Впрочем, вскоре институтские и денежные дела, и Верочка, и все новые знакомства – всё сразу вдруг отлетело на самый задний план в жизни Карташева.

. . . . . . . . . . . . . . . . . . . . . . . . . . . . . . . . . . . . . . . . . . . . . . . . . . . . . . . . . . . . . . . . . . . . . . .

Сифилис! ко всему остальному.

«Вот я все думал, как это выйдет в жизни, а теперь все сразу знаю», – подумал Карташев. Он оделся, вышел из кабинета врача и, точно проснувшись, подумал: «Что такое я отвечал ему? Кажется, я много глупостей наговорил».

На мгновение мысль о глупостях изгнала все остальные, но сознание возвратилось, и у Карташева от ужаса не хватило воздуху, чтобы перевести дыхание.

Чувствуя, что что-то страшное охватывает его, с чем его воля может и не справиться, Карташев испуганно подумал: «Не надо ни о чем думать…» И он диктовал себе: «Вот я теперь иду, и больше ни о чем и не надо думать… иду… теперь пальто надену… надо дать на водку; «водки, Шацкий говорит, разорят меня…» – не разорят, потому что скоро всему конец». Он вышел на улицу и сел в сани.

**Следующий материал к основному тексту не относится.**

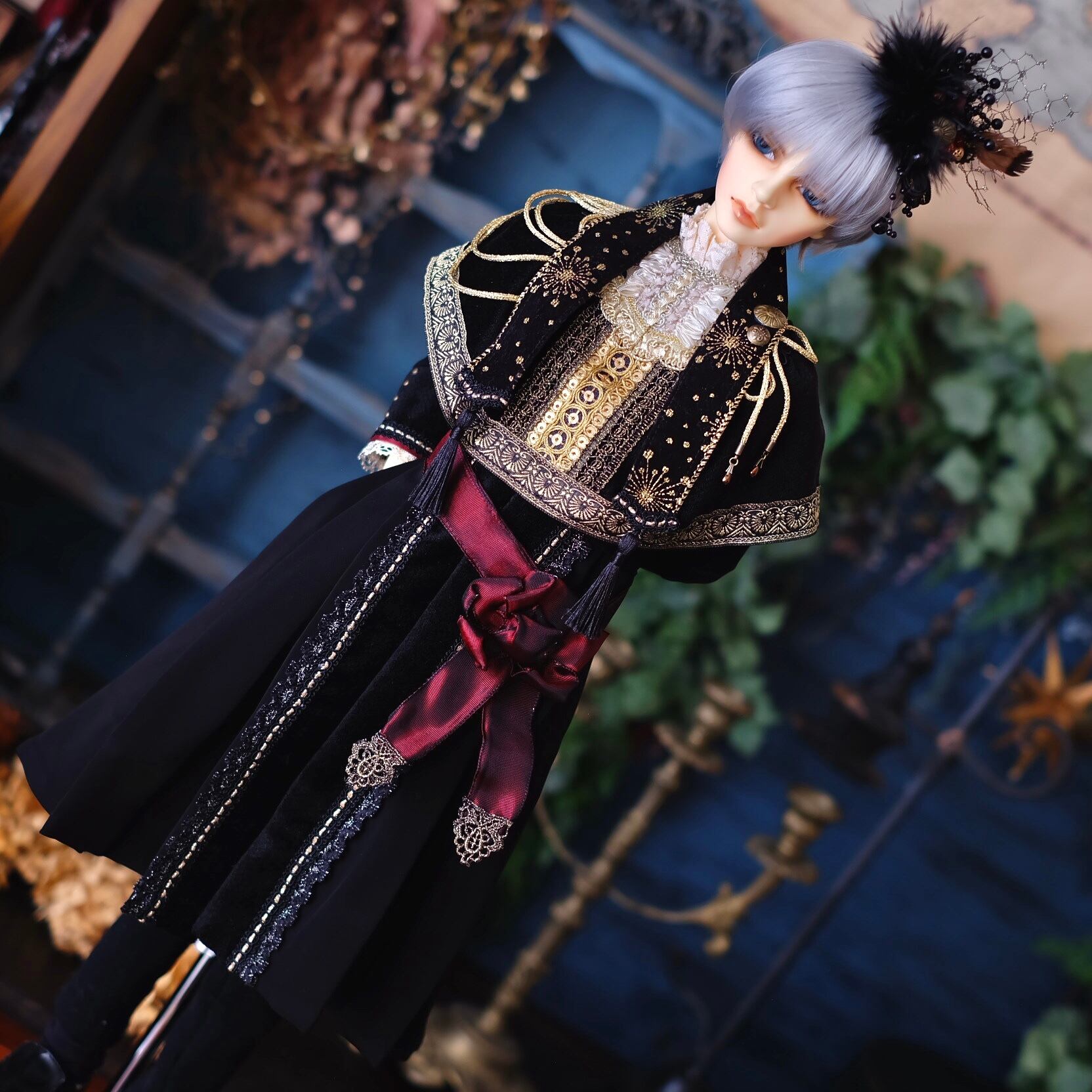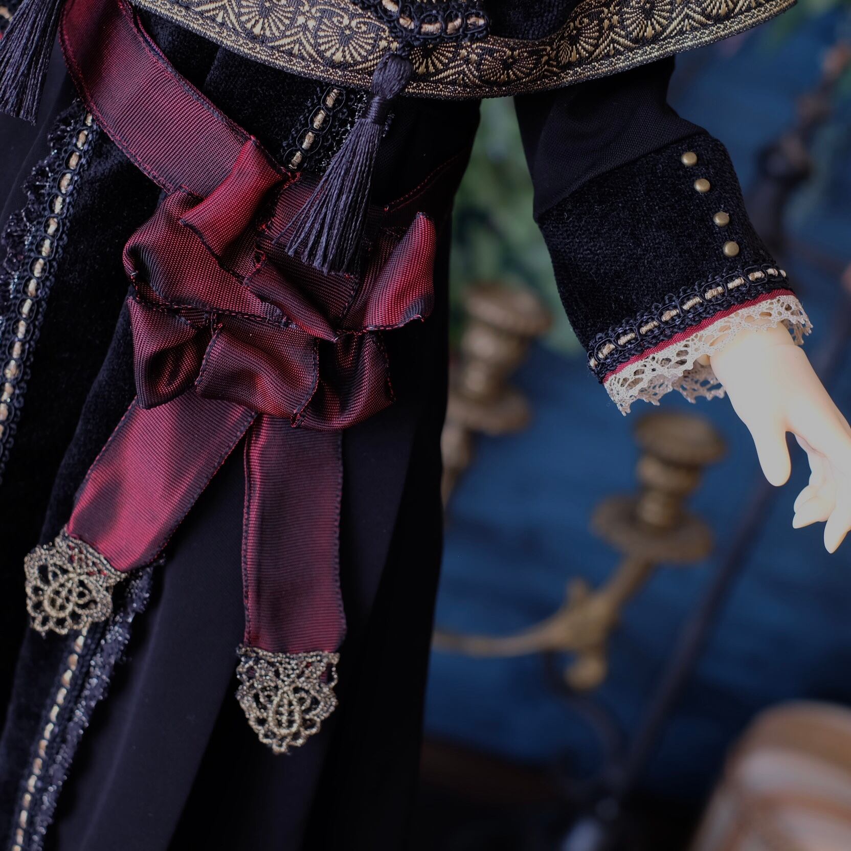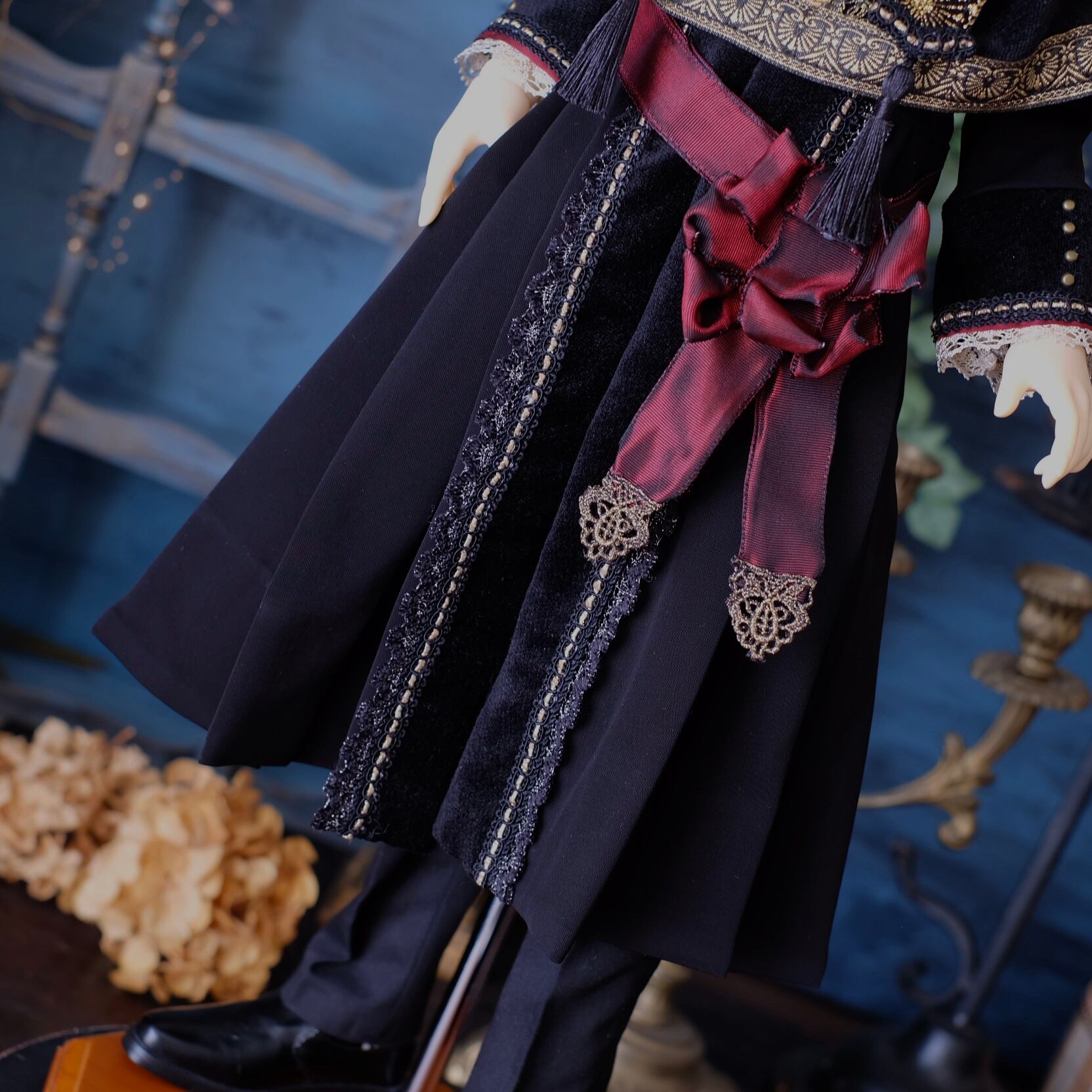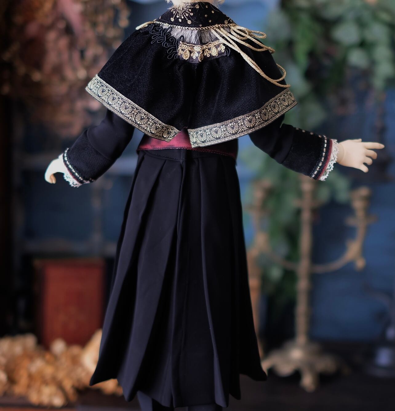しっとりとした肌触りの上質な黒生地をベースに、マント部分・袖・下部中央にはベロアを使用しています。

Но опять защемило и захватило в груди, и опять Карташев гнал страшные мысли и снова каким-то очень быстрым кругом возвращался к ним. То вдруг показалось ему, что все это случилось не с ним, а с другим, или с ним, но во сне, и так хотелось вдруг спать, лег бы на мостовую и заснул навсегда. «Слава богу, кажется, теперь без колебания покончу с собой. Револьвера нет: заехать разве и купить?»

Он не ответил себе на этот вопрос, потому что почувствовал, как все нутро его восстало против смерти. «Но что же делать? – тоскливо спрашивал он себя. – Неужели так жить?!» В ответ только уныло дул ветер, гнал по небу тяжелые свинцовые тучи, и они неслись беззвучно, угрюмо вперед.

Он приехал домой, вбежал по лестнице, чиркнул спичкой в неосвещенной квартире и увидел в зеркале отражение своего бледного лица. Спичка потухла, и осталось впечатление, что там, в зеркале, мелькнул страшный остов какого-то человека.

Холодный ужас сковал его члены, и опять сознание истины во всей ее ужасающей наготе охватило и проникло в его душу.

«Прочь, прочь отсюда! – паническим страхом выбросило его назад на лестницу. – Поеду в театр, условились во фраке: три месяца еще ничего не будет заметно, а через три месяца смерть».

Карташев повеселел даже: три месяца! Много времени! Многие и до завтрашнего утра не доживут.

Он стал мыться, чистить зубы, чесаться и сосредоточенно одеваться.

Силы вдруг оставили его, и он, проговорив тихо: «Господи, что ж это?» – лег на кровать и зарыдал. Тяжелые судорожные вопли вырывались из груди, все существо его вздрагивало, и все новые и новые лились слезы. «Господи, что ж это?» – повторял он все ту же фразу, которая, как молотом, била туда, где был источник этих слез… Фраза перестала действовать, он лежал, закусив подушку, равнодушный, апатичный, спокойный.

Он встал и подошел к зеркалу.

«Волосы есть еще – густые, русые… глаза…»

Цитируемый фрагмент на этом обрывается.